Sunday, February 18, 2024

Pradipta Ray | Guy Next Door / 2015

when a gay ghost gets horny

by Douglas Messerli

 

Pradipta Ray (screenwriter and director) Guy Next Door / 2015 [9 minutes]

 

Indian director Pradipta Ray’s 2015 short film Guy Next Door is rather a meaningless ghost story in which evidently through the help of the internet the virtual becomes the actual, a least for a few moments, Grindr-like monikers such as “Guy Next Door” suddenly appearing at the door willing and ready for sex.

 

     Ray might have been able to take this trope and develop into a whole series of hunk-like figures called up through the click of the keyboard. Certainly, that what seems to happen to the lazy hero of this film Aditya (Aditya Joshi) who lays on the floor reading a book and drinking a beer when his computer calls out to him. Finally getting enough energy to check it out, he finds that the “Guy Next Door,” after evidently months of on-line chatter before a long silence (had he “ghosted” is correspondent), is ready to come or “cum” immediately, and appears at Aditya’s door in seconds after making his request. All Aditya had to do was close his eyes and count to ten.

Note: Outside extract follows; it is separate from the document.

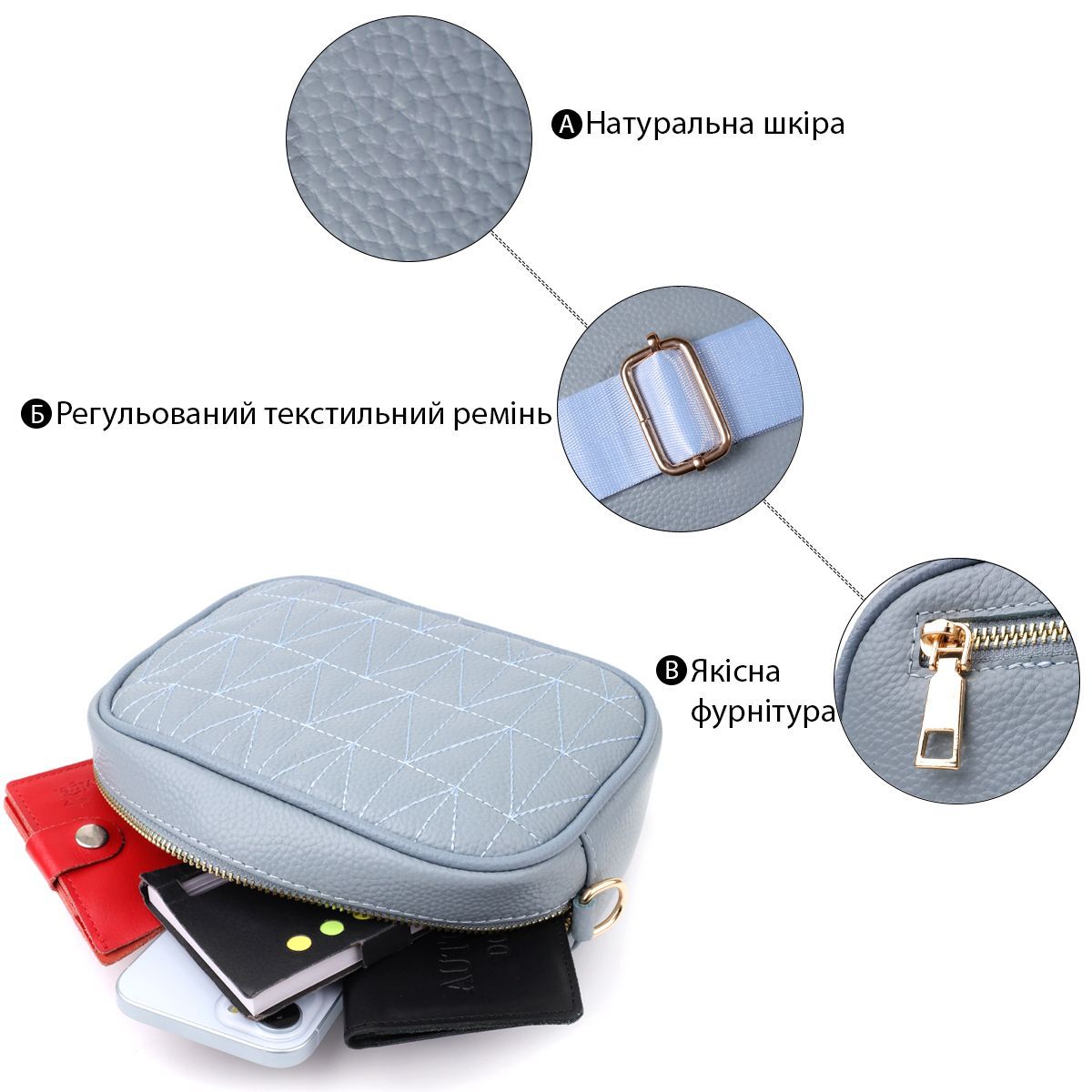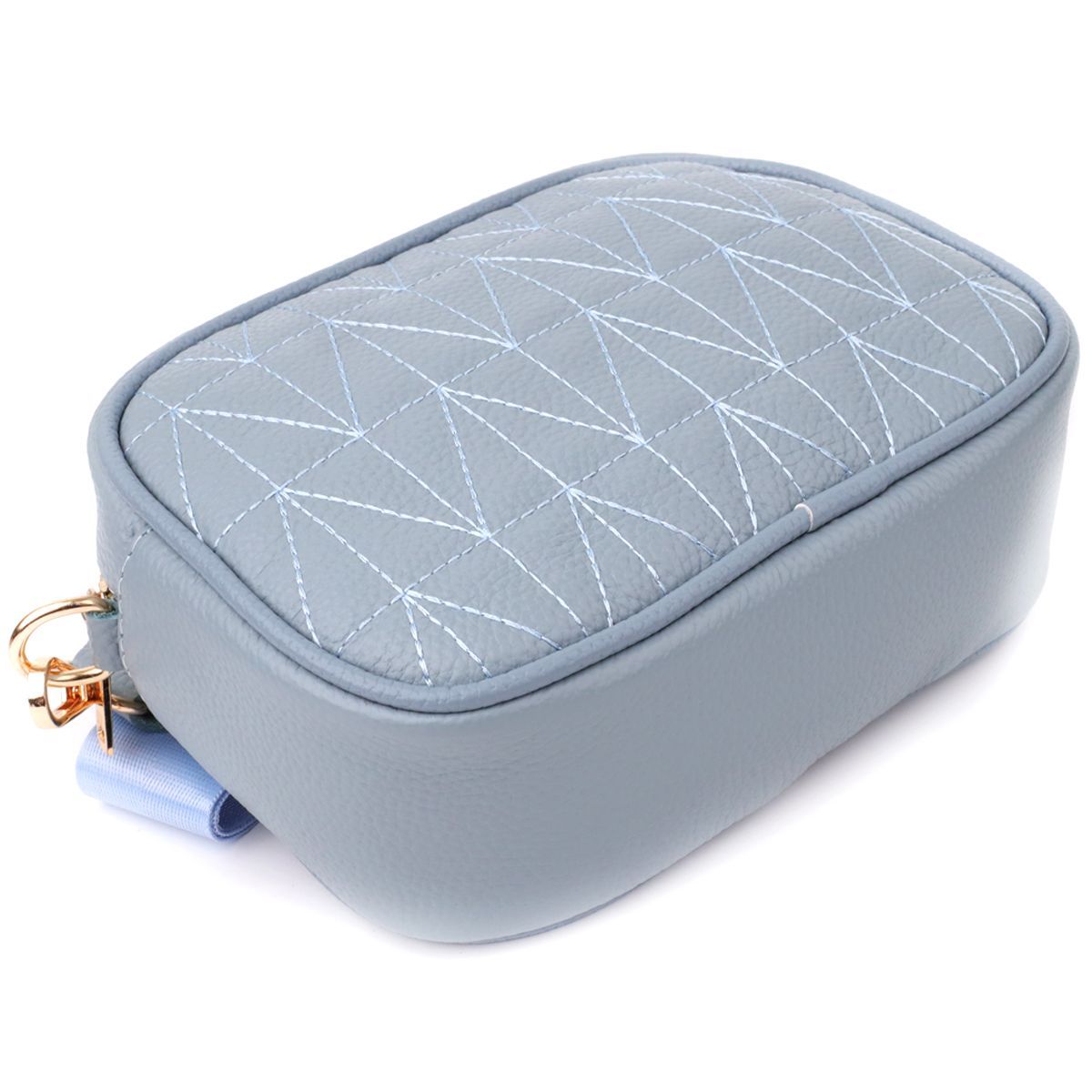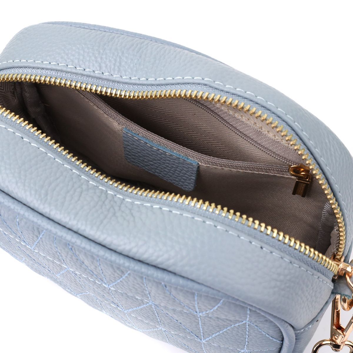 Витончена стьобана сумка Vintage у сіро-блакитному кольорі з натуральної шкіри стане стильним та незвичайним аксесуаром, додаючи свіжості та легкості образу. Щільна та якісна шкіра робить сумку приємною на дотик та підкреслює високий рівень виконання. Компактна форма надає акуратного та сучасного вигляду, а стібка на лицьовій стороні додає дизайнерський шарм. Сумка закривається на блискавку, всередині розташоване основне відділення з кишенею на блискавці та відкритою кишенею для дрібниць, а на тильній стороні знаходиться зовнішня кишеня на блискавці для зручного зберігання найнеобхідніших речей. Знімний текстильний ремінь, що регулюється, забезпечує комфорт при носінні, а фурнітура під жовте золото гармонійно відтіняє холодний сіро-блакитний тон шкіри. Ця сумка стане універсальним аксесуаром для повсякденних образів та особливих випадків, підкреслюючи витончений смак та любов до якісних матеріалів.

       Aditya—hardly what you might describe as a handsome man—is delighted with his hairy-chested guest with dark glasses which he refuses to remove. For me the chucky guy also leaves something to be desired, but Aditya seems overjoyed and he quickly texts his friend that he’s found a “hottie.”

       They do indeed seem to have intense sex, with Aditya having his next-door friend’s hand print planted, like a Xeroxed hickey on his chest. We see, however, only the shadow of all this.

        And before we know it, the couple are through, the visitor visiting the bathroom. Aditya is overjoyed, particularly when it appears from new messages on his computer that the “guy next door” is ready for a second round. Even he is amazed by his fortitude and goes to the bathroom to tell him so; but there is no one there. No one in the bedroom. No one in his kitchen. Where has his phantom lover gone to?

        The hand-print is still there, so it couldn’t have been merely his imagination, but…. Don’t worry, Ray provides no answers. Virtual or real, Aditya has certainly enjoyed his Sunday afternoon.

        Now if only the couple had both been beautiful, and the camera had politely focused on their sexual activities. This could have been the start of something big, with the mysterious interloper popping up and over whenever either of them got an urge. Or maybe other computer monikers knocking at Aditya’s door, just itching to enjoy what he had to offer. A new ghost popping in for pleasure every week. With chance of AIDS, Covid or any other disease, it’s sure to be a hit!

         As it is, the artifact upon the screen of my computer had very little to offer.

 

Los Angeles, February 18, 2024

Reprinted from My Queer Cinema blog (February 2024).